I know the controversy between the nominations of Chime and Shine has died down, but it’s taken me until now to read Shine. So, here are my final comments (maybe).

Someone I know said something to the effect that Chime is loved by the critics and not too many others. Unfortunately I agree.  It’s very literary and I was able to get through about 50 pages before I put it down.  It’s not that I hated it, it’s that so many other books were calling to me that I just lost interest.  That’s not to disparage Franny Billingsley…please don’t get me wrong.  Chime just wasn’t my book.

So, instead I thought I’d compare Shine by Lauren Myracle to It’s Our Prom (So Deal With It) by Julie Anne Peters.  Why not compare two sides of the spectrum?

Shine takes place in the South. Patrick does not hide his sexual orientation and when he is found outside the Come ‘n Go convenience store, beaten up and with a gasoline nozzle in his mouth, the theory is he is a victim of a hate crime.  Cat, his one time best friend, decides she must find out who did this to Patrick and the book follows her on her quest. We meet Beef, Tommy, Dupree and Bailee-Ann, kids Cat’s grown up with and known forever.

As Cat searches for the perpetrator, the reader learns why she withdrew from all her friends.  We find all the inner secrets of the people around her, adults and teens.  Myracle paints a not so pretty picture of the South, of the backwoods towns, the poor economic conditions, the use of drugs as an escape mechanism, the intolerance of people because they are different.

Rather than being a book about homosexuality, Shine is really a book about self discovery, confronting your past, learning who you are.  The vehicle Myracle uses is a hate crime, although it could easily have been a robbery, a death in the family, a divorce or a myriad of other life events.  Lauren Myracle outshown herself (pun intended) in Shine. If you like reading well written books, books that make a point, books that hold your interest, Shine should fit the bill.  Apparently not for the National Book Award judges, but for you and me plain folk, it’ll do just fine.

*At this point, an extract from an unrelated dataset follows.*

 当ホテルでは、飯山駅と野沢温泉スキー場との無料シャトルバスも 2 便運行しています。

In the Colorado town in which Azure, Luke and Radhika live, in It’s Our Prom (So Deal With It), sexual orientation is not an issue.  And, yeah, while Luke may get razzed by his brother, Owen’s, friends for being bisexual, and yeah, they may not like him for it, there is little to none of that outright hatred that permeates the southern town in which Patrick and Cat live in Shine.  And that’s the difference. It’s Our Prom emphasizes inclusiveness.

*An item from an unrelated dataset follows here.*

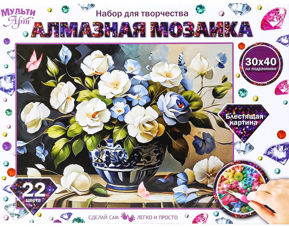 Набор для детского творчества — алмазная мозаика «Белые цветы» ТМ «Мульти Арт» — отличный подарок для ребёнка, который будет способствовать развитию его творческих способностей.

Azure is asked by her school principal to become a Prom Com member and work to make the prom more inclusive; of straights, gays, geeks, nerds, loners, cliques and non-cliques.  The fact that Azure and Luke both want to ask Radhika to the prom is just part of the romantic triangle.  The fact that Azure’s former girlfriend reappears and pulls at some forgotten heartstrings is what happens to every teenager.  The fact that Luke has a crush on both Connor and Radhika is no different than a million other teens whose hearts are pulled in many directions. 

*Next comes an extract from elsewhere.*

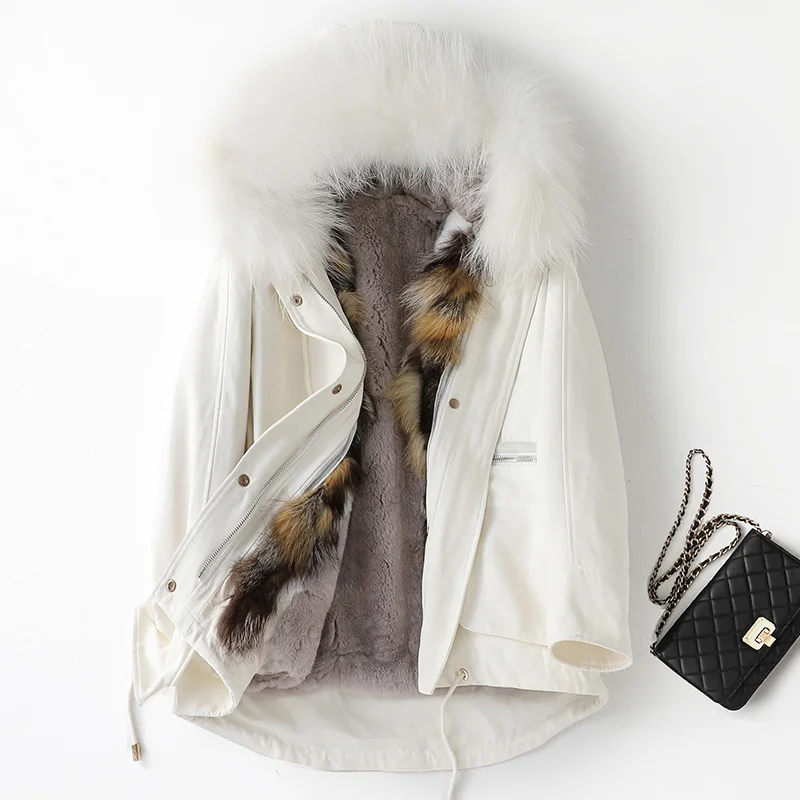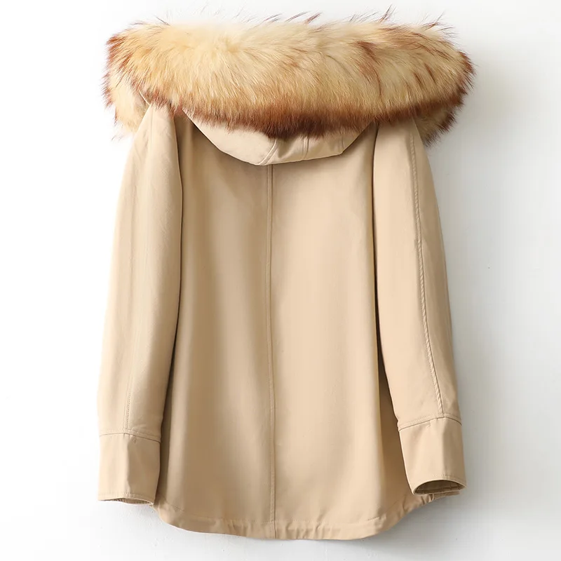Настоящая толстовка с мехом енота с подкладкой из кроличьего меха

The result is a fun read about a group of teens whose goal to make a prom to remember is thwarted by parents, teachers, idealism and naïveté. Some of the crushes are obvious to the reader while unknown to the recipient. Peters has a way of creating characters that you want as your friends and Azure, Luke and Radhika fall into this category.  These kids go through the same things that every teenager goes through:  uncertainty about the future, parental pressure, school work overload. This is the kind of world I’d like to live in.  Life is hard enough without castigating someone because of who they love.  Read It’s Our Prom (So Deal With It).

So, in conclusion, both Lauren Myracle and Julie Anne Peters have authored excellent books that use the GLBTQ theme as a backdrop for something more. That’s what I like about the books and the authors.  There’s something more.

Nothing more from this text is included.